Madam doesn't have time to finish as a brawl breaks out between two
groups of women. Theodore makes his escape but not before several blows
to his head. He didn't see Helen anywhere but no matter - Uleene whisks
him off to another club and then another. Likewise more bad news: no
mom.
Deadly
Garden Tools: - Theodore earns his living by importing and selling
exotic garden implements. But Thanatos rears its ugly head: newscasts
alert Theodore a number of his clients have been using his hoes and
trowels to commit murder. Fortunately, there's also good news: Thanatos
intertwined with Eros - all the publicity triggers a boom in business,
alas, the general public has fallen in love with those unique
instruments of death.
Pernicious Pests – So happens, Cleveland
has its ugly underbelly: an infestation of rats.
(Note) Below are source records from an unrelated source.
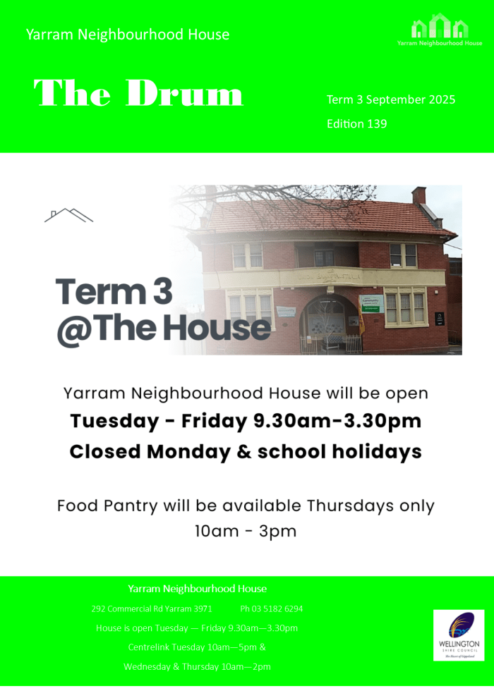 Wednesday 10 September 2025 yarramcommunitylearningcentre The Drum September 2025 The September Edition of The Drum is now out and full of exciting things that are happening at The House. The Drum No 139 September 2025 Share this:Share Click to share on X (Opens in new window) X Click to share on Facebook (Opens in new window) Facebook Like Loading...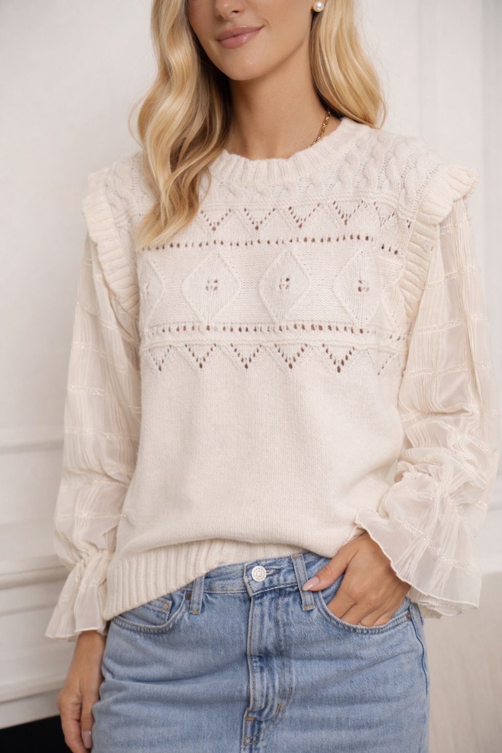 Meet The Celestine Knit — your new spring layering hero with a beautifully feminine twist. Crafted in a soft, lightweight knit, this elevated essential features intricate pointelle detailing through the body, delicate frill shoulders, and sheer textured balloon sleeves that instantly upgrade even the simplest denim days.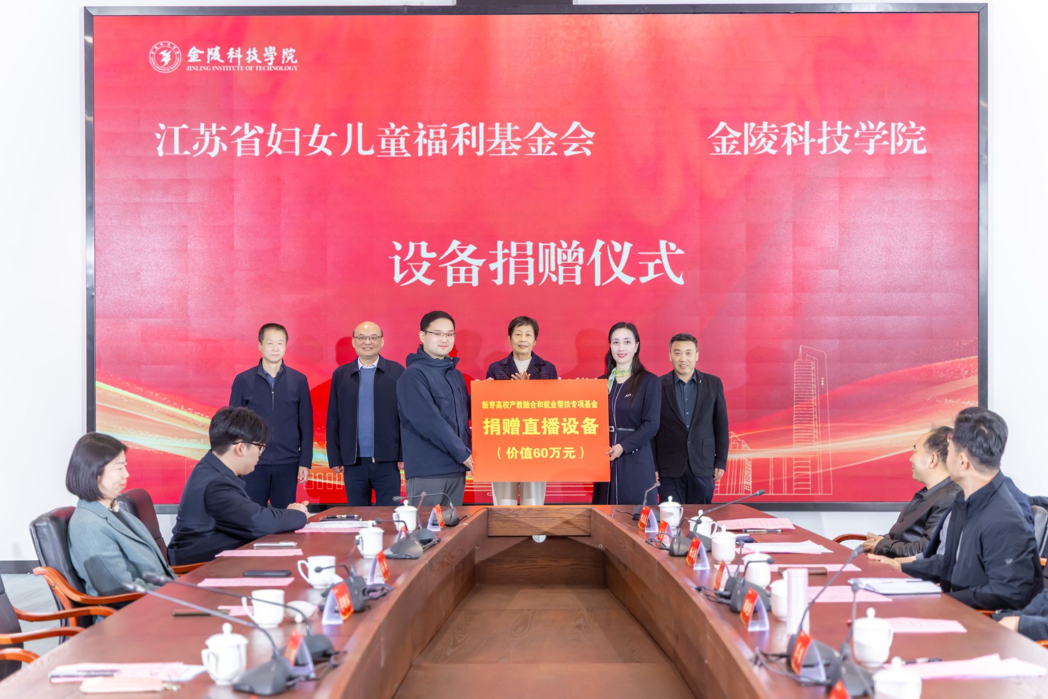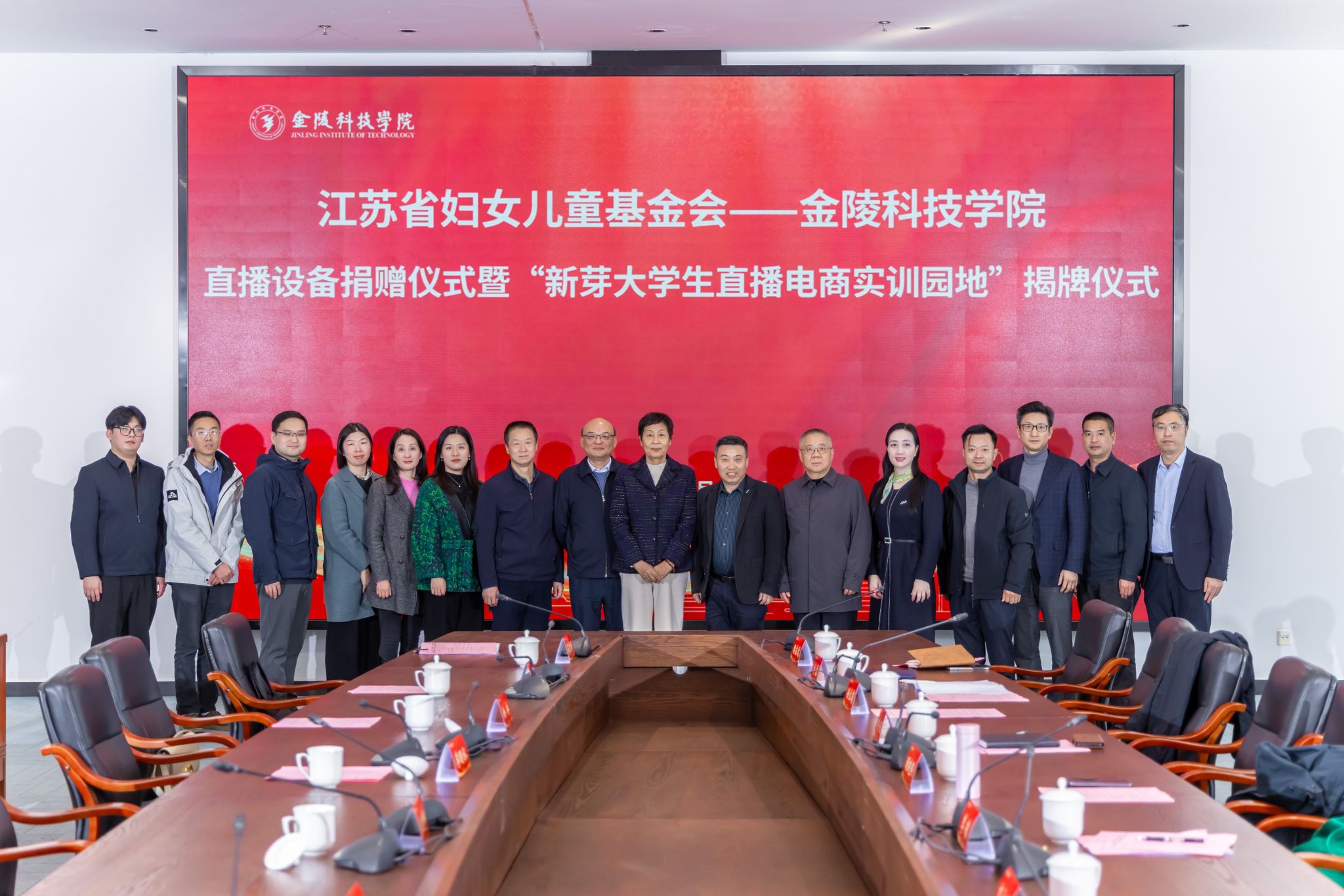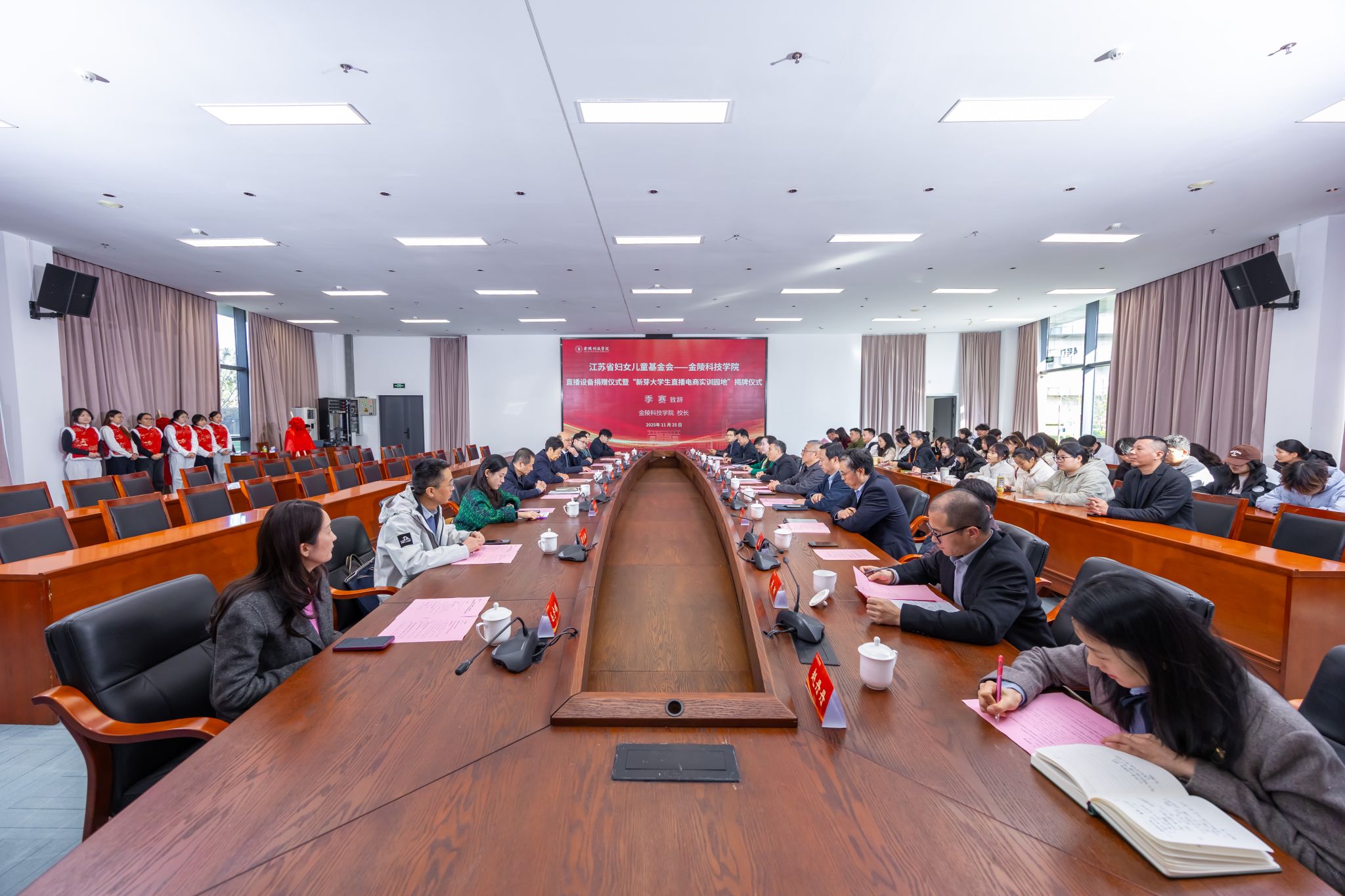 11月25日下午,球王会与江苏省妇女儿童福利基金会在3号科技楼110会议室举行直播设备捐赠暨“新芽大学生直播电商实训园地”揭牌仪式。江苏省妇女儿童福利基金会副理事长宋晓辉,南京市农业农村局副局长李明水,南京市人社局一级调研员吴传军,球王会校长季赛、副校长高永祥、副校长顾晓燕以及合作与发展规划处、教育发展基金会、招生与就业指导处、教务处、商学院相关负责人出席活动。仪式由商学院院长刘磊主持。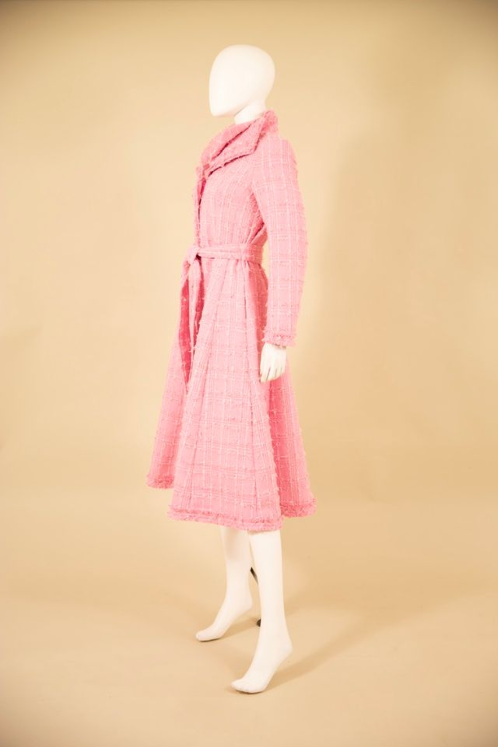 Grounded in couture craftsmanship, this coat presents a sophisticated double-collar neckline that adds architectural interest from the get-go. The tailored bodice gradually flares into a graceful A-line skirt, creating a look that’s both flattering and effortlessly feminine. A self-fabric belt cinches the waist, giving you the option to emphasize an hourglass silhouette or leave it relaxed for a more casual drape.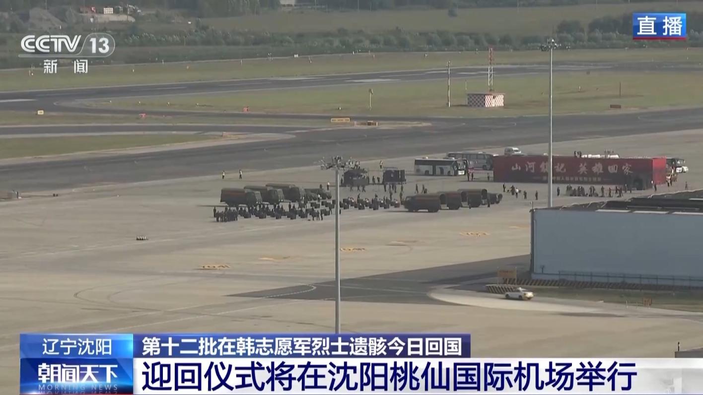 总台记者 杨海灵:沈阳桃仙国际机场的专机停机坪是举行第十二批在韩中国志愿军烈士遗骸迎回仪式的场地。稍后,搭载30位在韩志愿军烈士遗骸及其遗物的专机将在这里降落。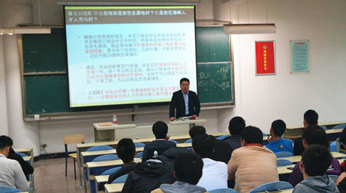 讲座上 ,来自中国海峡人才市场的丁龙印老师首先通过PPT就同学们心中的一些问题逐个解答,然后向我们介绍了,丁老师通过举例“新录用公务员工龄计算问题”反复强调就业协议书、报到证和档案对职业生涯发展的重要性,及对人事代理的作用可谓至关重要。除此之外,丁老师还介绍了工龄计算,还例举了“档案没更新,事业单位录用受阻”的一篇新闻报道,更进一步证实了人事代理的重要性。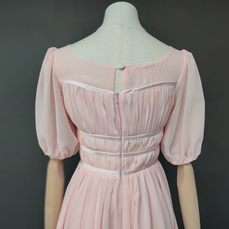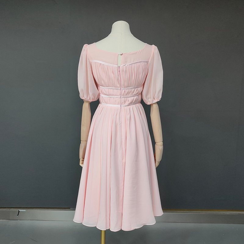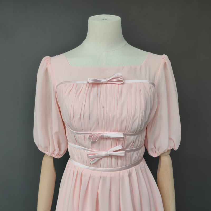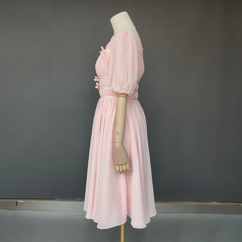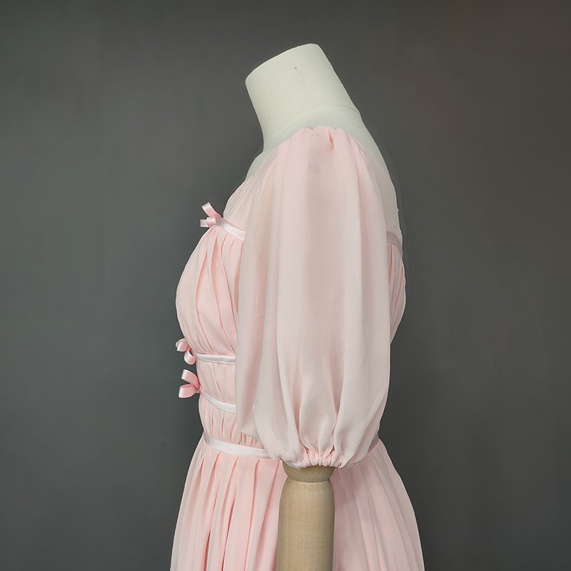 This elegant tea-length gown is perfect for a whimsical wedding or musical cosplay. Designed with a flattering square neckline and half lantern sleeves. it features ruched details. pleats. and a charming bow decoration. Made from lightweight chiffon. the A-line silhouette and natural waistline provide a graceful. comfortable fit. The back zipper closure and built-in bra add practicality to its enchanting style. Customizable to suit your preferences. this dress offers a timeless princess-inspired look for your special day.
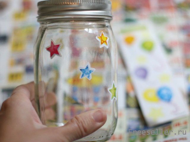 Поместите наклейки в форме звезд на боковую поверхность банки.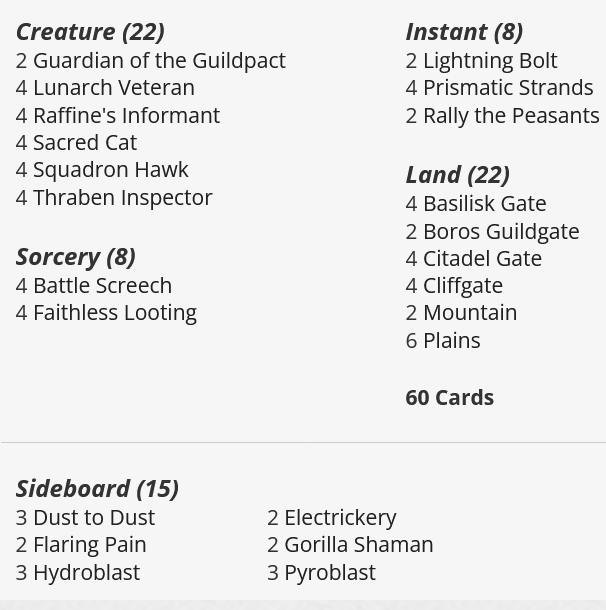 Boros Bully was already a deck based on a damage engine – that of going wide and ending the gate with Rally the Peasants. Basilisk Gate gives the deck another engine that works in a different direction. Where Bully traditionally won by going wide, Basilisk Gate allows it to go tall and present a single threat that can end the game. Guardian of the Guildpact is a fine target but Sacred Cat might be better right now. With Monastery Swiftspear and Affinity pressuring life totals, a 1/1 lifelink that can absorb a blow and come out swinging for Armadillo Cloak levels of life gain is huge. The fact that it requires two answers from Faeries does not hurt either.

But no need to run away
- Theodore’s art teacher, a gal by the name of Sunshine, is from
Eastern European stock. She hands her sculpture student a baseball bat
and leads the charge with her own hefty cudgel during the city’s
official Kill the Rats Day. Bam! Bam! Bam! Sunshine the Hungarian
barbarian to the rescue. The local papers liken the event to Running of
the Bulls in Pamplona.
Classic Cleveland – In addition to an
outing to watch the Indians at Progressive Field, the dutiful son’s
search leads him to an extraordinary bowling alley (after all, were
talking about THE most magnificent American city), a bowling alley
featuring 500 lanes (500!!), exquisite ethnic food and a jazz trio, a
gypsy violinist and a mariachi band – bowling alley as psychedelic
Garden of Earthly Delights (only the middle panel of Bosch’s triptych,
fortunately). Then the unexpected.
Tapes - Helen has earned her
bread transcribing tape recordings of radio interviews. Eight of these
recordings are sprinkled between chapters where all eight guests speak
of their near-death experience.
Recall I mentioned Theodore
resides in St. Nils. Where in the US is St. Nils? I failed to locate
such a town, which prompted me to do a bit of research. I discovered
Nils is the name of a young boy setting out on a quest after he's been
turned into an elf in Selma Lagerlöf's The Wonderful Adventure of Nils Holgersson. Reading an overview of this tale, I can detect some connection with Theodore.
Fanciful link or not, I've taken to Jim Krusoe and plan to read his other five novels. I suggest you begin with Erased. Perhaps you will likewise fall in love with his quirky storytelling.